In almost every real regex you find the character class „\s“ . It
represents so-called whitespace characters, that is any character which
produces white space on the screen: space, tabs, newline, carriage
return, line feed. It’s ok if you just remember that any void space in a
string will be matched. And, of course, you may negate this pattern:
„\S“ matches any character that does not appear as white space in the
string.
„\A“ is a seldom used search pattern: it matches the beginning of the
string. This is not the beginning of the line; no, to search for that we
would have used ^. Later when we talk about options like multiline you
will see where you can use this one. „\Z“ is related to „\A“: \Z matches
the end of the string and again I can only say: „This is not end of
line“ because that would have been $. You will see the difference when
we talk about options. Sorry, but you have to be patient 🙂
Overview and Summary
This chapter explained some more possibilities in defining search patterns:
- line boundaries are matched by circumflex ^ (beginning of a line) and dollar $ (for end of a line).
- Word boundaries are matched by „\b“. It searches for characters that appear at the beginning or the end of a word. „\B“ represents characters that do not appear at the end or the beginning of words.
- Search patterns can contain alternative characters to match. The alternatives are separated by a vertical bars „|“. Characters that appear at the same place in each alternative can be placed before or after brackets that enclose the alternatives. „^(Re|Aw|Fwd)“ All alternatives must appear at the beginning of the line in a string to be matched.

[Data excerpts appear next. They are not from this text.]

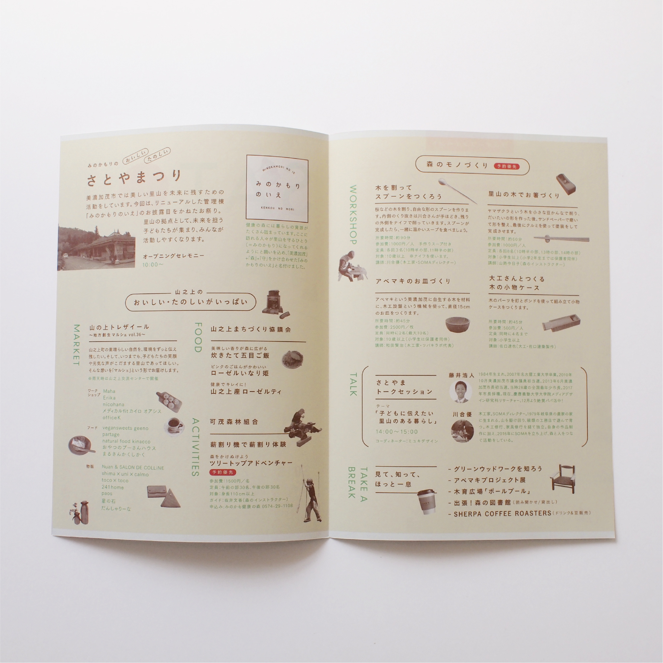 WORKS flyer さとやまつり さとやまつり 木工ワークショップや薪割り体験など、さとやまならではの楽しみが満載のイベントのチラシ。切り抜き写真を多用して楽しさの伝わるビジュアルとしました。 Year 2019 Creative direction 末永 三樹(ミユキデザイン) Art direction, Graphic design 森 美佳(zoomic) Client 可茂森林組合 イベント告知テイスト_POP美濃加茂市 一覧に戻る < PREV NEXT >
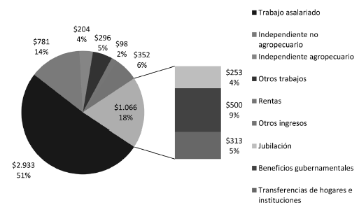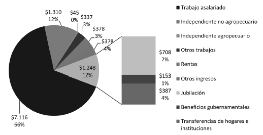 Se observa que la diferencia principal en la composición del ingreso corriente cuando se comparan localidades urbanas con rurales, es que resulta notablemente menor el rubro de trabajo asalariado (36%) en las rurales, y sólo en este ámbito es representativa la participación del trabajo independiente agropecuario (6%).
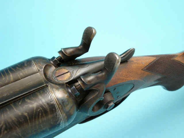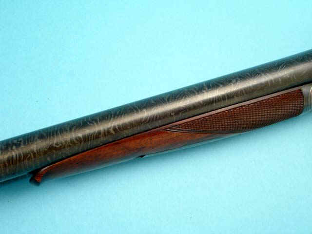 Serial no. 4085, 10 gauge, 30-inch side-by-side Damascus barrels with maker and

- Spaces or tabs are so-called whitespace characters for which a special search pattern exists: \s The negation is \S
- Beginning and end of a string: \A and \Z
Exercises
1. Given the regular expression „(R.:$|^R.:)“ and the string ‚Ra: or Re:‘. What does the regex match?
2. I want to match ‚Re:‘ at the beginning of a line even if it comes
with a reply counter e.g. ‚Re[2]:‘. With what we have learned about
regular expressions so far: what is the regex for doing that?
3. Let’s try to DIY a regex that matches ‚Re‘ at the beginning of a line or ‚)‘ at the end of a line.
4. What do these search patterns mean?
a) „^“
b) „^x$“
c) „^$“
1. Example
The regex matches ‚Ra:‘. We expected that, didn’t we? The regex matches the alternative which comes first in the string.
2. Example
Ooops, the solution of the second exercise already looks quite professional, doesn’t it: „^(Re|Re\[\d\]):“ Ok, may be you have something different; something that looks a bit simplified like: „^Re(|\[\d\]):“. It is a good example because simplified version shows an absolute void as the first alternative in the brackets – the ‚|‘ symbol has nothing to the left of it other than the open bracket that starts the „sub-string“.
3. Example
„(^Re|\)$)“ is one solution. You didn’t forget to escape the bracket, did you? Fine, well done *g*. Now, if you can, try this one in the regex-tester with the following string: ‚Re[2]: bladibla (was: more bla)‘. You will see that the regex exactly matches just ‚Re‘ because at this point the regex machine returned TRUE for the match. If the beginning of the string is changed to something else only then will the regex match the bracket.
4. Example
The
first pattern searches for any text that has the beginning of a line or
that starts at the beginning of a line. This would include any text –
even a void line would be matched.
The second pattern just looks for a single x character that is alone in a line.
Last, but not least, the third pattern: it searches for lines that have a
beginning and an end, but nothing else: these are void lines!